3. Recording Setup and Acoustic Properties

Far-field signals were recorded via a table-centered eight-channel circular array, with each session's array geometry fixed according to challenge specifications (precise array details in M2MeT challenge documentation). Signals for each channel are stored as interleaved WAV files.

Rooms vary not only in size and furnishing but in SNR and reverberation characteristics, introducing substantial variability for speech separation and diarization models. Speaker-to-array distances and the composition of background interference are not uniform across sessions, creating realistic challenges for system generalization (Yu et al., 2021, He et al., 2022).

Prior to system input, dereverberation algorithms such as NARA-WPE are commonly applied to far-field signals. However, no explicit SNR or RT60 statistics are published in the latest system reports (Li et al., 10 Oct 2025).

4. Tasks, Benchmarks, and Evaluation Metrics

AliMeeting supports two principal research tracks:

Speaker Diarization: Determining “who spoke when” from far-field signals.
Multi-speaker ASR: Generating time-ordered and speaker-attributed transcriptions from highly overlapped conversational audio.

Secondary tasks include target speech extraction and speaker-dependent ASR evaluation.

Speaker Diarization

The primary metric is Diarization Error Rate (DER):

$\text{DER} = \frac{T_\text{miss} + T_\text{fa} + T_\text{conf}}{T_\text{speech}}$

—where $T_\text{miss}$ : missed speech, $T_\text{fa}$ : false alarms, $T_\text{conf}$ : speaker confusion, with $T_\text{speech}$ as total reference speech. Evaluation may include a 0.25 s collar at reference boundaries (M2MeT challenge default), though some studies report raw DER with no collar (Li et al., 10 Oct 2025, Yu et al., 2021, He et al., 2022, Zeng et al., 2022).

Speech Recognition

ASR outputs are scored with Character Error Rate (CER):

$\mathrm{CER} = \frac{\# (\mathrm{substitutions + insertions + deletions})}{\text{number of characters in reference}} \times 100\%$

Permutation-invariant CER, required for multi-speaker settings, uses either reference FIFO or minimum-permutation matching to resolve speaker/segment mapping ambiguity (Yu et al., 2021).

Other metrics applied for system-level benchmarking include Scale-Invariant SDR (SI-SDR) and PESQ for speech separation, though not universally reported on AliMeeting.

5. Data Partitioning, Simulation, and Augmentation

AliMeeting provides explicit train/eval/test splits to prevent data leakage and ensure reproducibility.
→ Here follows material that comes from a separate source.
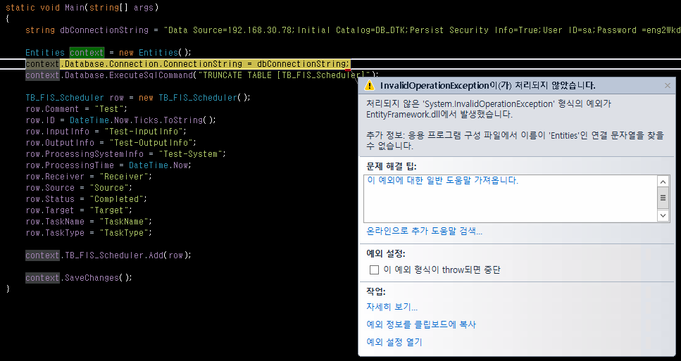 - Entity Framework 를 이용하여 Table 에 데이터를 입력하려 할 때, 아래 그림과 같은 Exception 발생

For data augmentation and simulation, several strategies are employed:

Simulated Meetings: On-the-fly mixtures from VoxCeleb2 or CN-CELEB for training, with random speaker azimuth assignment and framewise DOA perturbation to generate pseudo-DOA labels. Simulated room acoustics (image method), controlled overlap ratios, and add-in of MUSAN or openRIR background noise extend model robustness (Li et al., 10 Oct 2025, He et al., 2022).
Dereverberation: WPE processing is performed for dereverberated training/evaluation conditions.
Speech vs. non-speech segmentation: Oracle VAD may be provided for analysis, but most systems (and the leading challenge tracks) require autonomous speech activity detection.
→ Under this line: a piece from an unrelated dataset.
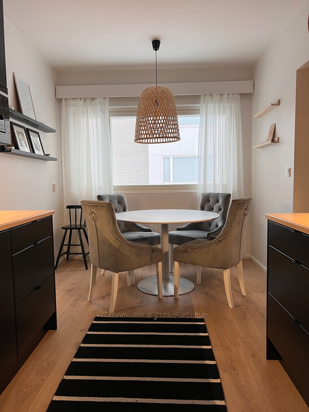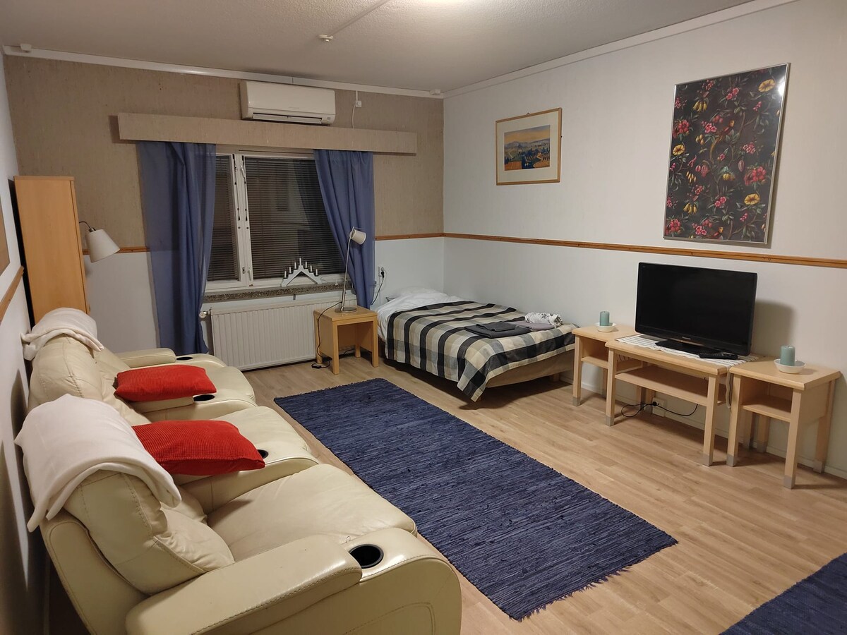 Mag - enjoy sa komportableng pamamalagi sa ikalawang palapag sa isang compact 45 m² na apartment sa sentro ng Seinäjoki. 500 metro lamang ang layo ng istasyon ng tren at 350 metro ang layo ng pinakamalapit na grocery store. Palaging naghihintay sa iyo ang mga linen at tuwalya at bahagi ito ng upa. Matutulog nang anim na oras: double bed, sofa bed, at malawak na air mattress. Ang apartment ay may cooling machine at ang silid - tulugan ay may mga nagpapadilim na kurtina ng bintana. Magkakaroon ka rin ng access sa libreng paradahan para sa isang kotse.

6. Baselines, System Performance, and Research Impact

AliMeeting is the keystone corpus in the ICASSP 2022 M2MeT challenge and downstream neural diarization, separation, and ASR research.

Diarization Baselines and Advances

The baseline Kaldi CHiME-6 style diarization pipeline—ResNet d-vectors, LDA, AHC+VBx clustering—achieves 15.24% DER (Eval set, 0.25 s collar, 8-ch array). Advanced methods, such as TS-VAD, SA-S2SND, and SD-MTSS, demonstrate substantial improvements:

System	Mode	DER (%) (Eval/Test)	Notable Features
S2SND (1-ch, baseline)	Online	16.03	No spatial cues
SA-S2SND (1-ch, DOA)	Online	15.35	Added explicit DOA
S2SND (8-ch)	Online	14.85	Multichannel, no DOA
SA-S2SND (8-ch+CA, DOA)	Online	12.93	Channel attention, DOA
TS-VAD (CSD, 8-ch, 0.25 s collar)	Offline	2.82/4.05	Fine-tuned TS-VAD
SD-MTSS (N=2)	Offline	4.12	Joint separation+diariz.

SA-S2SND achieves a 7.4% relative offline and 19.3%/20.3% relative online/offline DER reduction over the 1-ch baseline. TS-VAD systems can reduce DER by up to 66.55% relative compared to cluster-only pipelines (Li et al., 10 Oct 2025, He et al., 2022, Zeng et al., 2022).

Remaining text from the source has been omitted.